In the micro-electrochemical machining process, the processing efficiency has a close relationship with the renewal rate of the electrolyte. Due to the scale of the micromachining, it is often difficult for the electrolyte to flow through the gap, eventually causing electrolyte polarization or even a short circuit. Therefore, this study used ultrasonic assistance to promote the renewal of the electrolyte between the electrodes, and the machining process could be accelerated. The aiding mechanism is shown in Figure 13.
In this experiment, the parameters of the concentration test were used, and the influence of the ultrasonic assistance on the groove-width machining was examined. The experimental results showed that with the aid of ultrasonic vibration, the processing results of each concentration were significantly improved, as shown in Figure 14 and Figure 15. Without ultrasonic assistance, the machining results were inefficient and uneven, but with the ultrasonic vibration, the vibration wave accelerated the renewal rate of the gap electrolyte and thus promoted the efficiency. After a series of experiments, an optimal parameter was obtained. Under the optimal parameter setup, a fine 54.2 µm-wide groove was fabricated on a Nitinol wire, as shown in Figure 16.

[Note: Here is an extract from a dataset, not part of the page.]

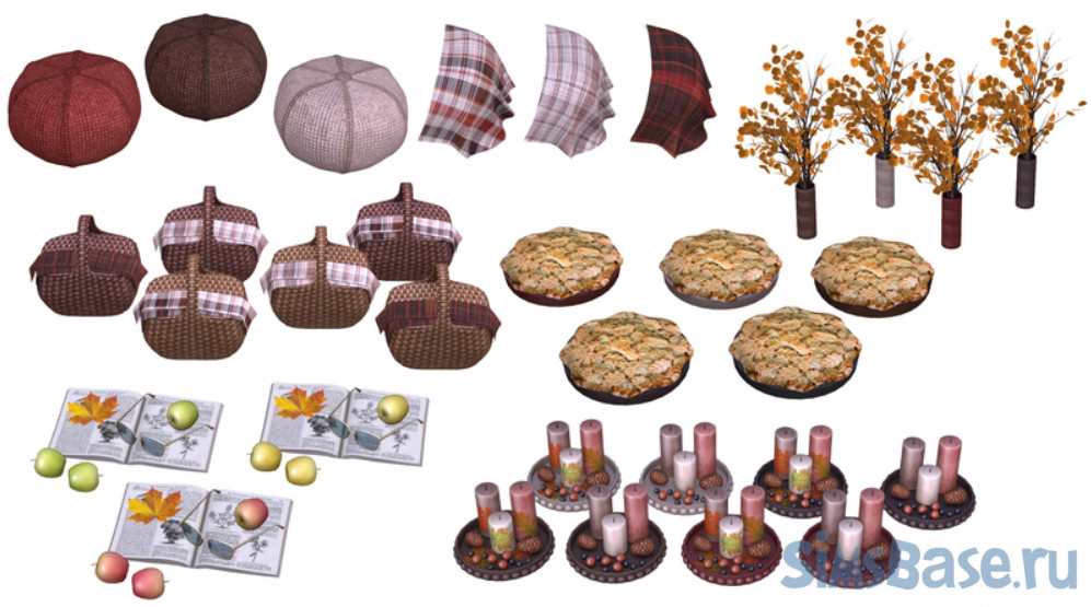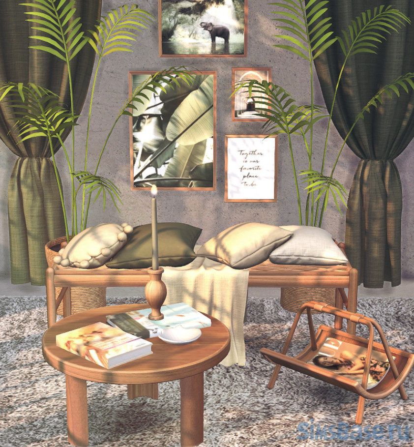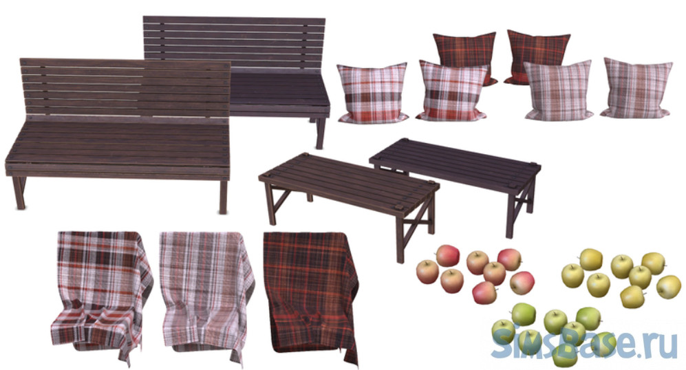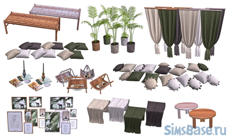 В коллекции большое количество предметов мебели и декора для обустройства сада, загородного участка, деревенского домика и пр. Подушки, скамейки, пледы, светильники, фрукты, столы и сервизы – предметов очень много. Они также отлично подходят для использования в пляжных вариантах участков, джунглях и пр.

3.6. Workpiece Observation and Analysis

NiTi alloy is a composite of nickel and titanium, and the composition of these two elements creates the special mechanical characteristic of the alloy, including shape memory, superelasticity, sensitive temperature deformation (dental), corrosion resistance, shock-absorbing ability, and most importantly, an outstanding biocompatibility. When the material is introduced to the human body, it is crucial that the material does not damage the body, and the material itself also cannot be damaged by the body’s environment. Thus, NiTi alloy was chosen to be the ideal material for implanting parts, and it was necessary to study the surface morphology and content of the workpiece after machining due to the terminal medical application of the technology.
Figure 17a shows the surface morphology and the content element of the machined surface. A minimum groove width of 54.2 µm was machined under a working voltage of 24 V, a pulse period of 1 µs, a pulse of width 200 ns, a feeding rate of 1.5 µm/s, an electrolyte concentration of 1 wt %, and ultrasonic vibration assistance on. Based on the sintering fabrication process of nickel–titanium alloy, the surface texture was shaped into a micro-golf-ball surface after machining, and the pot was considered as the material powder grain of the NiTi alloy. According to the results of the analysis, the content of the machined workpiece surface was identical to the original NiTi alloy content, and the element mapping results showed the same consequence, as shown in Figure 17b and Figure 18. To ensure the performance of the presented method, a continuous machining test was carried out, as shown in Figure 19. The results showed consistent slot widths of 57 µm ± 5 µm, as shown in Table 3.

4. Conclusions

In this paper, microslots were fabricated on nickel–titanium alloy materials by ultrashort-pulse-aided electrochemical machining. In the process, the influence of different parameters on the groove width also was discussed, and the optimal parameters under the experimental setting were obtained.
  • The ultrashort-pulse electrochemical machining method could achieve stable nickel–titanium alloy machining characteristics with the aid of a reducing agent and ultrasonic vibration.
  • The experimental results showed that the slot widths increased with increasing input energy, such as machining voltage and pulse width. In addition, the slot widths also increased with an increasing electrolyte concentration due to the rising electrolysis efficiency.
  • The experimental results showed that with the aid of ultrasonic vibration, the renewal of the electrolyte was accelerated, and the results at each concentration were promoted.
  • A minimum groove width of 54.2 µm was machined under a working voltage of 24 V, a pulse period of 1 µs, a pulse width of 200 ns, a feeding rate of 1.5 µm/s, an electrolyte concentration of 1 wt. %, and ultrasonic vibration aid on.
  • The results of the reproducibility test under optimal machining parameters showed consistent slot widths of 57 µm ± 5 µm.

Author Contributions

Conceptualization, J.-C.H.; Data curation, P.-J.Y.; Formal analysis, J.-C.H.; Investigation, J.-C.H. and P.-J.Y.; Methodology, J.-C.H. and P.-J.Y.; Project administration, J.-C.H.; Resources, J.-C.H. and P.-J.Y.; Software, P.-J.Y.; Supervision, J.-C.H.; Validation, P.-J.Y.; Visualization, P.-J.Y.; Writing—original draft, P.-J.Y.; Writing—review & editing, J.-C.H. All authors have read and agreed to the published version of the manuscript.

Funding

This research is financially supported by Contract No. MOST 109-2221-E-008-092 from Ministry of Science and Technology, Taiwan.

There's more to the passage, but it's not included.